**TASK ITEM**. Only certain lines below are wanted: those starting at the line containing "In the following" and ending at the line containing "Rabies Vaccine Certificate", both included, each retyped exactly.

**PROVIDED RECORDS**.

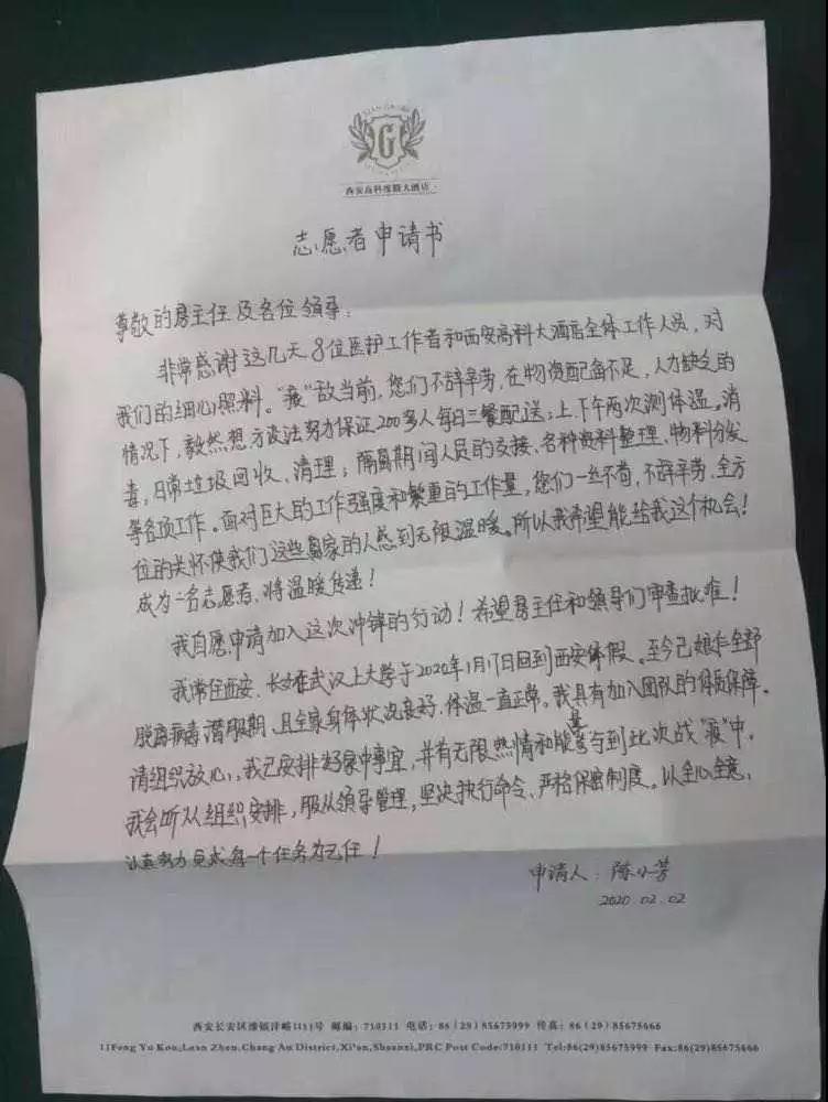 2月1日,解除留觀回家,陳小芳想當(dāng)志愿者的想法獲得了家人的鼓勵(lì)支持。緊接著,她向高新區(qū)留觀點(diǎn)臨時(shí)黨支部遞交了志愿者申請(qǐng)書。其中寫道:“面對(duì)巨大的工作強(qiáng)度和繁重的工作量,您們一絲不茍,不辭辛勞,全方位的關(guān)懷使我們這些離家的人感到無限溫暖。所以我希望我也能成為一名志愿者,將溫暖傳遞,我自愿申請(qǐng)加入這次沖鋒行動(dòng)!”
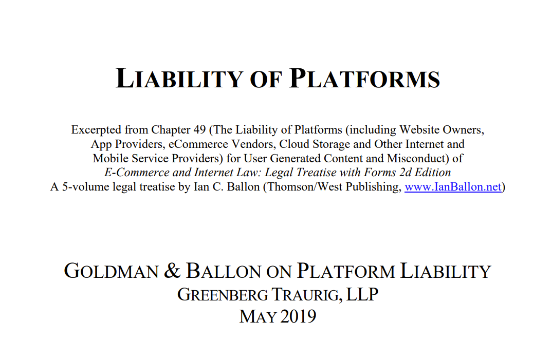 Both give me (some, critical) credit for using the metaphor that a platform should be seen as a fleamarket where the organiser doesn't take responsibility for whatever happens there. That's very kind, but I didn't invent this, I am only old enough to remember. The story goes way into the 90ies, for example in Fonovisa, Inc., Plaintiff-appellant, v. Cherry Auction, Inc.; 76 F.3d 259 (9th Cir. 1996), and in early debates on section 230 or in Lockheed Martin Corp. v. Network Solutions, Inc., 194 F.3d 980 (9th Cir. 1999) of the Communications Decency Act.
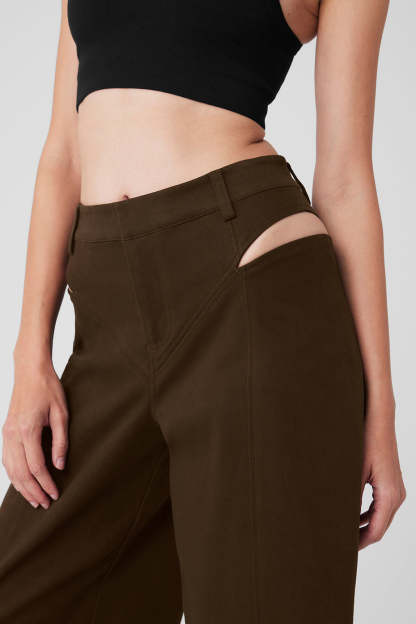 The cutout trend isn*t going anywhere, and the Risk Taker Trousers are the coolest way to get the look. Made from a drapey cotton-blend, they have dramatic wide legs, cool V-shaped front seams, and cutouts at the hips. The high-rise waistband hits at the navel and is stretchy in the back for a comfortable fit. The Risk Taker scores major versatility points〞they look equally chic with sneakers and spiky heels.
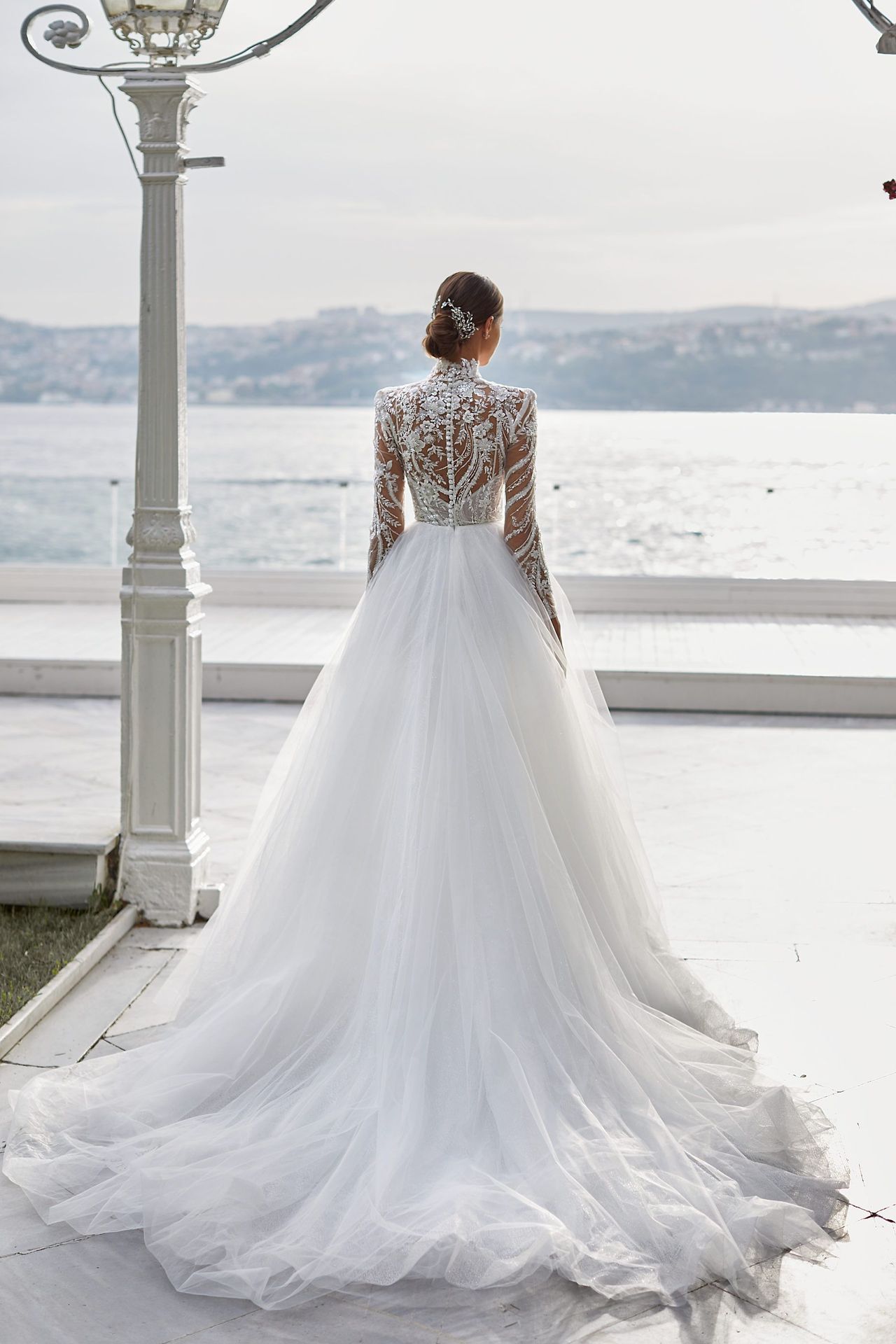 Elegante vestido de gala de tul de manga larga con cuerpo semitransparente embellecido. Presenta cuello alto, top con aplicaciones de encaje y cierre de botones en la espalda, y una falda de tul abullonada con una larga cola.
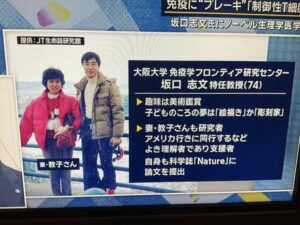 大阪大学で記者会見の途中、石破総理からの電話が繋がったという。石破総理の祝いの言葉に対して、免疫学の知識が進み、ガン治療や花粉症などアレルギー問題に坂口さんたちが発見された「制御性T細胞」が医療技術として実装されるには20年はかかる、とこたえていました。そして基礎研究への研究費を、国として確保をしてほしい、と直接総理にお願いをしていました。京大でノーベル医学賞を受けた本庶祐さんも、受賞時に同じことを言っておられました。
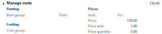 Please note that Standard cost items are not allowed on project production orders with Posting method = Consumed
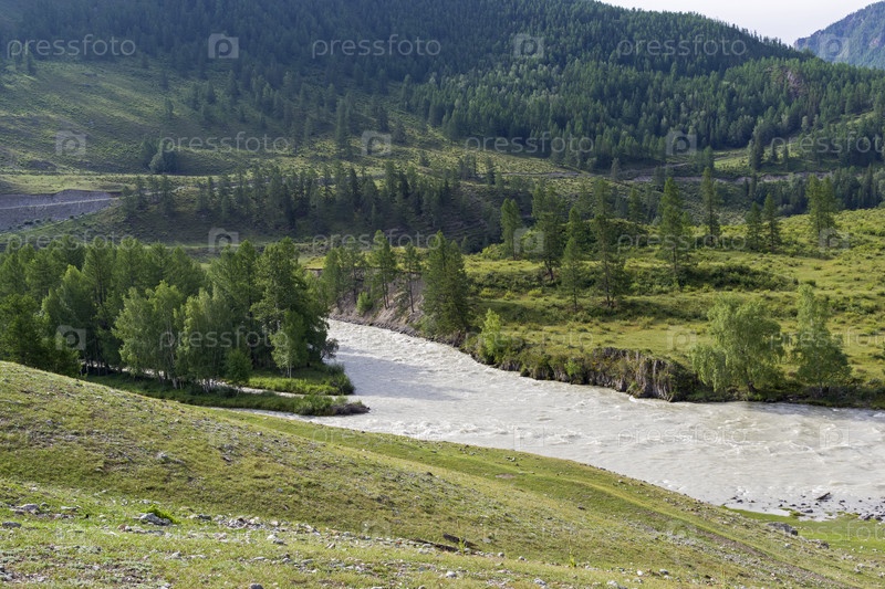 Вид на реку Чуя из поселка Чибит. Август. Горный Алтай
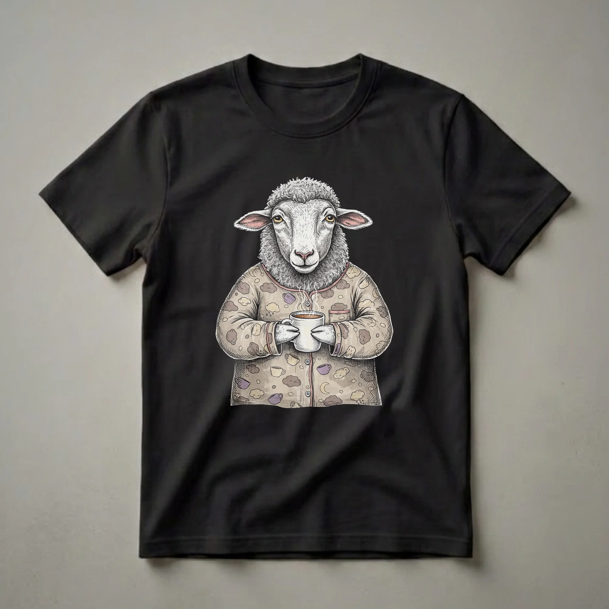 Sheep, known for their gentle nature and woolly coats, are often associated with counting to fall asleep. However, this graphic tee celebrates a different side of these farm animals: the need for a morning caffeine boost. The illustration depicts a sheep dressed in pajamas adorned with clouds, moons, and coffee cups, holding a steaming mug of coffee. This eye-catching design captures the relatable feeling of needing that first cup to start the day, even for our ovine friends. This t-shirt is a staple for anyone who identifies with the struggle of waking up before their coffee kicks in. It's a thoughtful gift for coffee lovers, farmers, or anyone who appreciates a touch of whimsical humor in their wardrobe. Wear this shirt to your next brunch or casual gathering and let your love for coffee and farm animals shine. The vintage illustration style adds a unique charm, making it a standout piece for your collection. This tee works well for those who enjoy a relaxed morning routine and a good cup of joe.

---

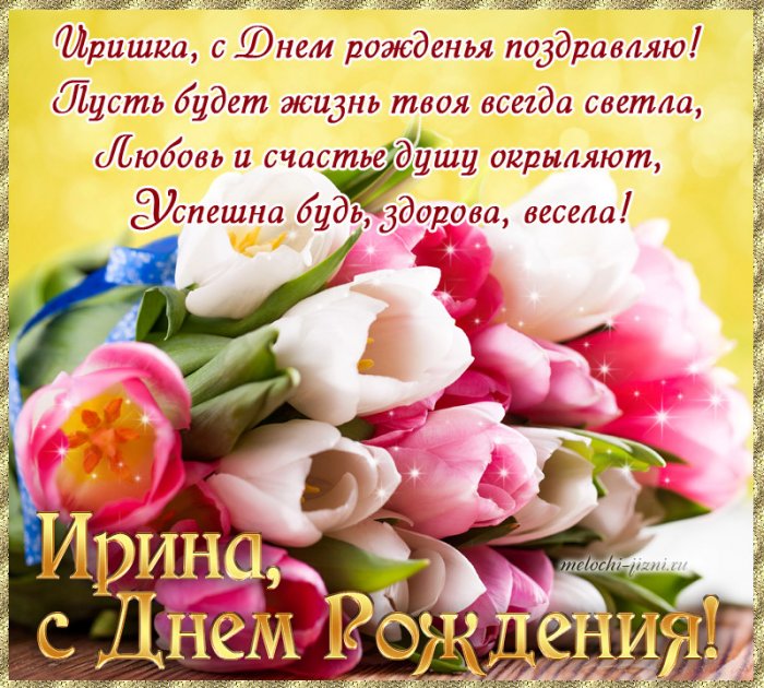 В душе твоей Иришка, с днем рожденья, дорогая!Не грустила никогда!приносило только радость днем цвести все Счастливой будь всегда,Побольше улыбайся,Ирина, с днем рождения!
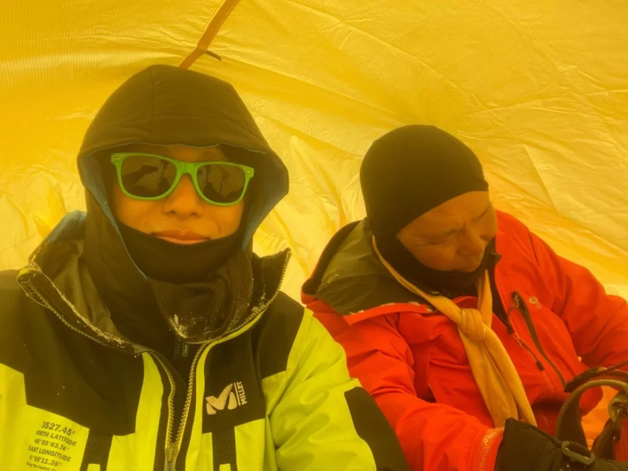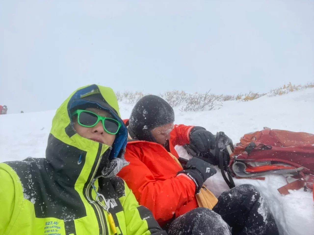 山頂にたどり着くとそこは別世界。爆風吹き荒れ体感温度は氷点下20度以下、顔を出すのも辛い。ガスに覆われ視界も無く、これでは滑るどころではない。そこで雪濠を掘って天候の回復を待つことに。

==

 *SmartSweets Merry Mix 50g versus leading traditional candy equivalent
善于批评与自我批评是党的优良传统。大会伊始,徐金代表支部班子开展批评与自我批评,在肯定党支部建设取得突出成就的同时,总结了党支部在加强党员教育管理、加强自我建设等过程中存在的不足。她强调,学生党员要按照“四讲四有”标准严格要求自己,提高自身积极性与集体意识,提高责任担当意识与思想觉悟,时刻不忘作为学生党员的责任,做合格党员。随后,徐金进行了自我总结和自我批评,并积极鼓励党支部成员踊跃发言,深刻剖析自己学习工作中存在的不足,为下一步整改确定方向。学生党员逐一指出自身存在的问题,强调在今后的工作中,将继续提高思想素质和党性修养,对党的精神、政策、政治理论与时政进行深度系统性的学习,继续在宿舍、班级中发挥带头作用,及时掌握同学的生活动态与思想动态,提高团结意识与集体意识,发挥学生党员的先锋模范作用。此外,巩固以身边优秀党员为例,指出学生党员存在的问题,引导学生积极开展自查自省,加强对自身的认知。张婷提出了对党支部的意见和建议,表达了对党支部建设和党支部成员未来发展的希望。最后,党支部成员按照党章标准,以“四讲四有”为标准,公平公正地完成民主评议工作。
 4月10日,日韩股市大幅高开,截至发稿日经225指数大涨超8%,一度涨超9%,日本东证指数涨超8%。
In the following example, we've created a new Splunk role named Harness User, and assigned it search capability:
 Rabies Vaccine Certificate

**RESPONSE**.
In the following example, we've created a new Splunk role named Harness User, and assigned it search capability:
 Rabies Vaccine Certificate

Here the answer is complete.